*RECORDS*:

=-=-=-=-=

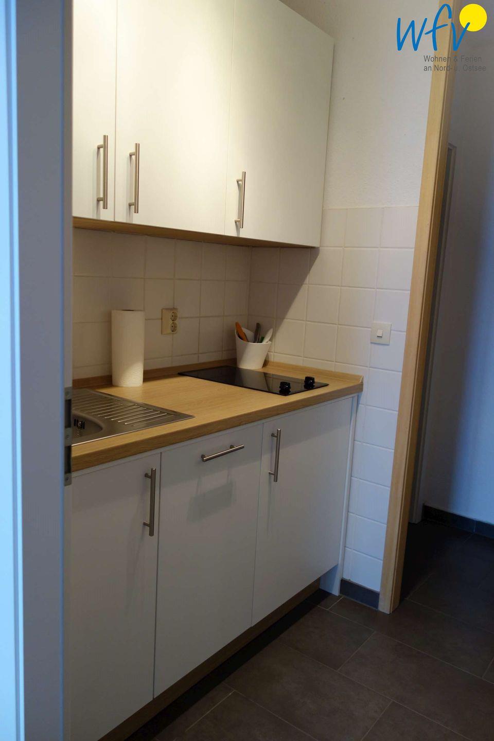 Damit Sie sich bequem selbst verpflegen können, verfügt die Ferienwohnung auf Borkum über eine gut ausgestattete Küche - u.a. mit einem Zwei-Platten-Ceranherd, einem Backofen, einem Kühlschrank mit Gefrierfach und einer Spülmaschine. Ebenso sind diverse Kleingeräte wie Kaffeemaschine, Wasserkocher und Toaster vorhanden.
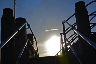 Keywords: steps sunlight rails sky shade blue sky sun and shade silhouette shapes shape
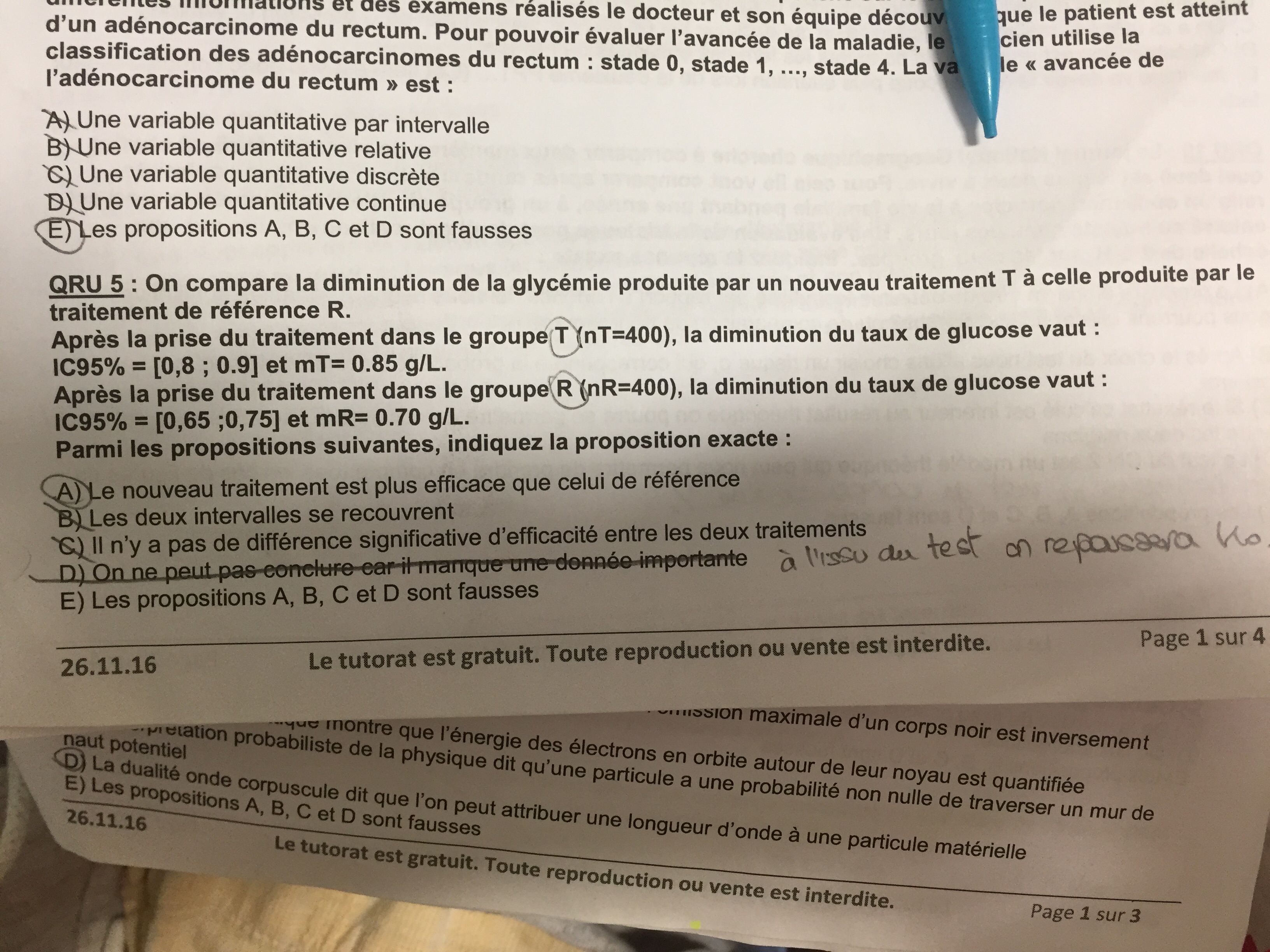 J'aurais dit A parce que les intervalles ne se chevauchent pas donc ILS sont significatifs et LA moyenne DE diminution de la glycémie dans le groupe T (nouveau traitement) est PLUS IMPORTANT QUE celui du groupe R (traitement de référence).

=-=-=-=-=

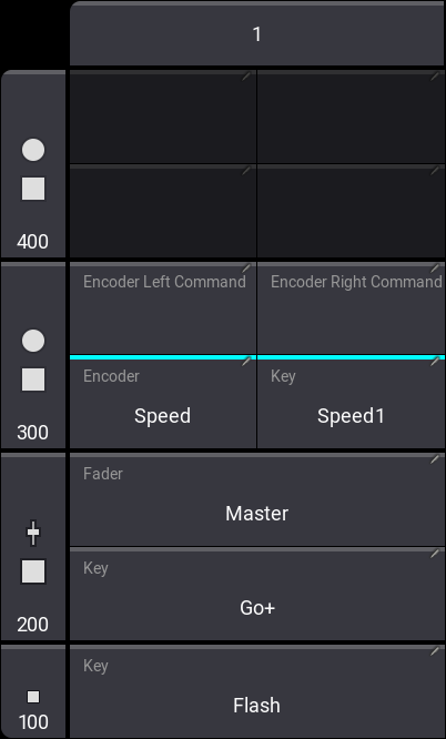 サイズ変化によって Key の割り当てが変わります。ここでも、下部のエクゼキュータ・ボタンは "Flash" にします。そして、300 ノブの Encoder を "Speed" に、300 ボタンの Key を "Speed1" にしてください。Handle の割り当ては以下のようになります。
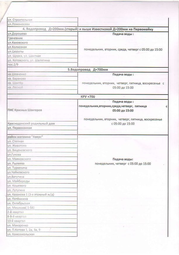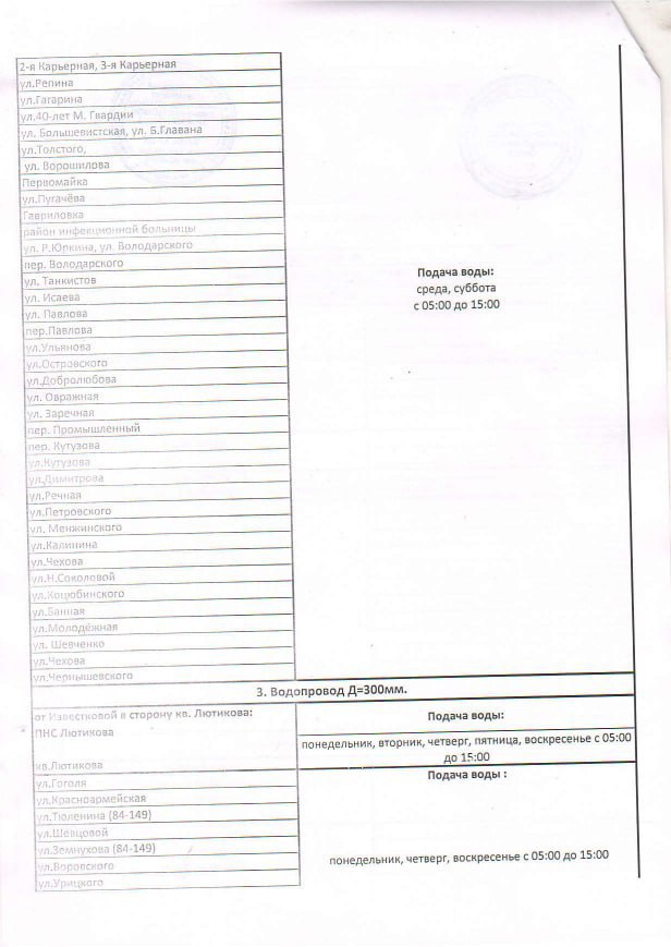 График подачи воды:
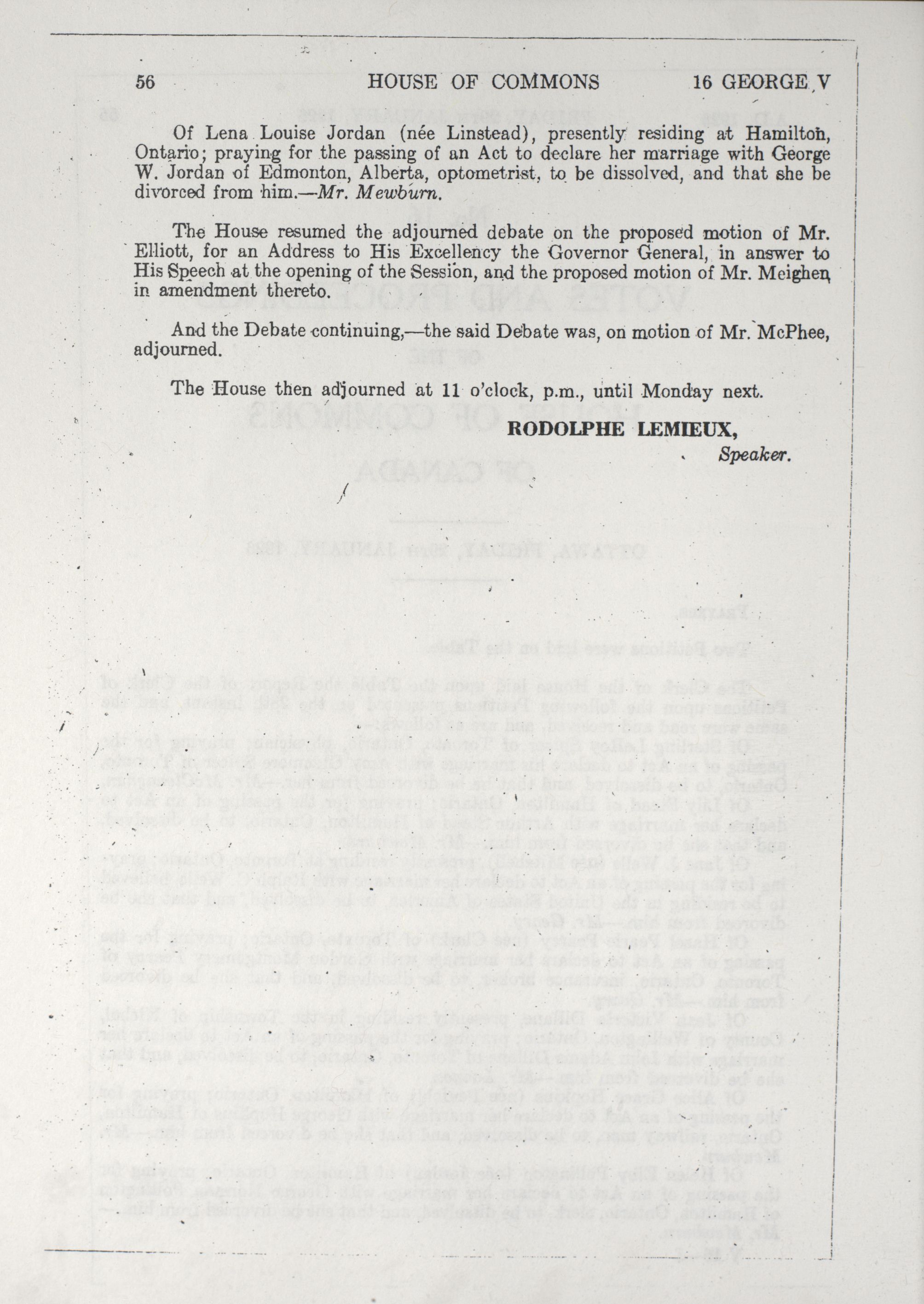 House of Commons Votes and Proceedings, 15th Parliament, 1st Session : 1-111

=-=-=-=-=

*WORK TO COMPLETE*: Using the data above, retype exactly and only the lines from the one containing "サイズ変化によって Key の割り当てが変わります。ここでも、下部のエクゼキュータ・ボタンは" up to and including the one containing "House of Commons", with no pictures carried over.

*WRITTEN REPLY*:
 サイズ変化によって Key の割り当てが変わります。ここでも、下部のエクゼキュータ・ボタンは "Flash" にします。そして、300 ノブの Encoder を "Speed" に、300 ボタンの Key を "Speed1" にしてください。Handle の割り当ては以下のようになります。
 График подачи воды:
 House of Commons Votes and Proceedings, 15th Parliament, 1st Session : 1-111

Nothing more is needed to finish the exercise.